Research involving more than 40,000 US households showed a correlation between the degree of hearing loss and the reduction of personal income. According to the same research, hearing aids were shown to mitigate the impact of income loss by 90%–100% for those with milder hearing losses and from 65%–77% for those with severe to moderate hearing loss.

==Batteries==
While there are some instances that a hearing aid uses a rechargeable battery or a long-life disposable battery, the majority of modern hearing aids use one of five standard button cell zinc–air batteries. (Older hearing aids often used mercury battery cells, but these cells have become banned in most countries today.) Modern hearing aid button cell types are typically referred to by their common number name or the color of their packaging.

They are typically loaded into the hearing aid via a rotating battery door, with the flat side (case) as the positive terminal (cathode) and the rounded side as the negative terminal (anode).

These batteries all operate from 1.35 to 1.45 volts.

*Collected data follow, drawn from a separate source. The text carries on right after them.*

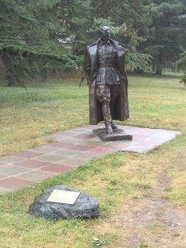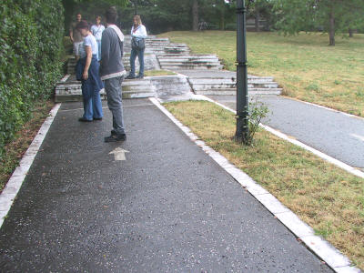| Die Wege im Park sind gekennzeichnet, damit sich die Menschenmassen zügig und störungsfrei bewegen können. Links geht es nach oben, rechts geht es abwärts. | Eine Statue des Staatsführers. |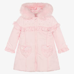 Pretty pink coat for girls by Mintini Baby. Silky smooth and lightly padded for warmth, it has a quilted bodice with sparkly sequins for a touch of glamour. Ruffles on the shoulders and a peplum waist with sweet bow details add a feminine look. The coat fastens easily with a zip and has a useful detachable hood.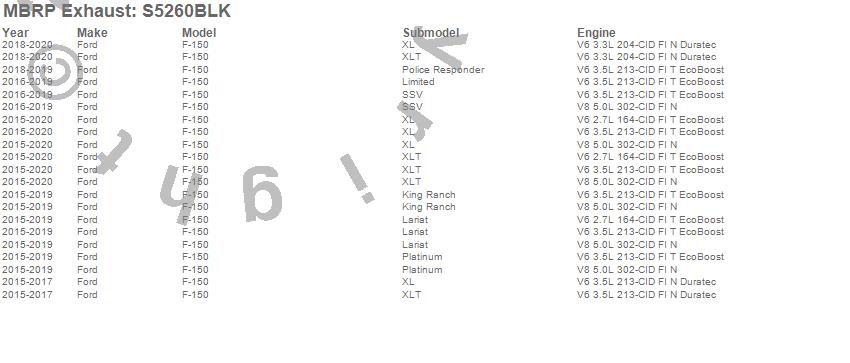Below is an abbreviated list of applications for the Armor BLK Cat Back Exhaust System.

The type of battery a specific hearing aid utilizes depends on the physical size allowable and the desired lifetime of the battery, which is in turn determined by the power draw of the hearing aid device. Typical battery lifetimes run between 1 and 14 days (assuming 16-hour days).

Hearing Aid Battery Types
| Type/ Color Code | Dimensions (Diameter×Height) | Common Uses | Standard Names | Misc Names |
|---|---|---|---|---|
| 675 | 11.6 mm × 5.4 mm | High-Power BTEs, Cochlear implants | IEC: PR44, ANSI: 7003ZD | 675, 675A, 675AE, 675AP, 675CA, 675CP, 675HP, 675HPX, 675 Implant Plus, 675P (HP), 675PA, 675SA, 675SP, A675, A675P, AC675, AC675E, AC675E/EZ, AC675EZ, AC-675E, AP675, B675PA, B6754, B900PA, C675, DA675, DA675H, DA675H/N, DA675N, DA675X, H675AE, L675ZA, ME9Z, P675, P675i+, PR44, PR44P, PR675, PR675H, PR675P, PR-675PA, PZ675, PZA675, R675ZA, S675A, V675, V675A, V675AT, VT675, XL675, Z675PX, ZA675, ZA675HP |
| 13 | 7.9 mm × 5.4 mm | BTEs, ITEs | IEC: PR48, ANSI: 7000ZD | 13, 13A, 13AE, 13AP, 13HP, 13HPX, 13P, 13PA, 13SA, 13ZA, A13, AC13, AC13E, AC13E/EZ, AC13EZ, AC-13E, AP13, B13BA, B0134, B26PA, CP48, DA13, DA13H, DA13H/N, DA13N, DA13X, E13E, L13ZA, ME8Z, P13, PR13, PR13H, PR-13PA, PZ13, PZA13, R13ZA, S13A, V13A, VT13, V13AT, W13ZA, XL13, ZA13 |
| 312 | 7.9 mm × 3.6 mm | miniBTEs, RICs, ITCs | IEC: PR41, ANSI: 7002ZD | 312, 312A, 312AE, 312AP, 312HP, 312HPX, 312P, 312PA, 312SA, 312ZA, AC312, AC312E, AC312E/EZ, AC312EZ, AC-312E, AP312, B312BA, B3124, B347PA, CP41, DA312, DA312H, DA312H/N, DA312N, DA312X, E312E, H312AE, L312ZA, ME7Z, P312, PR312, PR312H, PR-312PA, PZ312, PZA312, R312ZA, S312A, V312A, V312AT, VT312, W312ZA, XL312, ZA312 |
| 10 | 5.8 mm × 3.6 mm | CICs, RICs | IEC: PR70, ANSI: 7005ZD | 10, 10A, 10AE, 10AP, 10DS, 10HP, 10HPX, 10SA, 10UP, 20PA, 230, 230E, 230EZ, 230HPX, AC10, AC10EZ, AC10/230, AC10/230E, AC10/230EZ, AC230, AC230E, AC230E/EZ, AC230EZ, AC-230E, AP10, B0104, B20BA, B20PA, CP35, DA10, DA10H, DA10H/N, DA10N, DA230, DA230/10, L10ZA, ME10Z, P10, PR10, PR10H, PR230H, PR536, PR-10PA, PR-230PA, PZA230, R10ZA, S10A, V10, VT10, V10AT, V10HP, V230AT, W10ZA, XL10, ZA10 |
| 5 | 5.8 mm × 2.1 mm | CICs | IEC: PR63, ANSI: 7012ZD | 5A, 5AE, 5HPX, 5SA, AC5, AC5E, AP5, B7PA, CP63, CP521, L5ZA, ME5Z, P5, PR5H, PR-5PA, PR521, R5ZA, S5A, V5AT, VT5, XL5, ZA5 |

== Research ==
Research is also pointing towards hearing aids and proper amplification as a treatment for tinnitus, a medical condition which manifests itself as a ringing or buzzing in the ears.

== In pop culture ==
In the Peppa Pig episode Hearing Test, George is given hearing aids.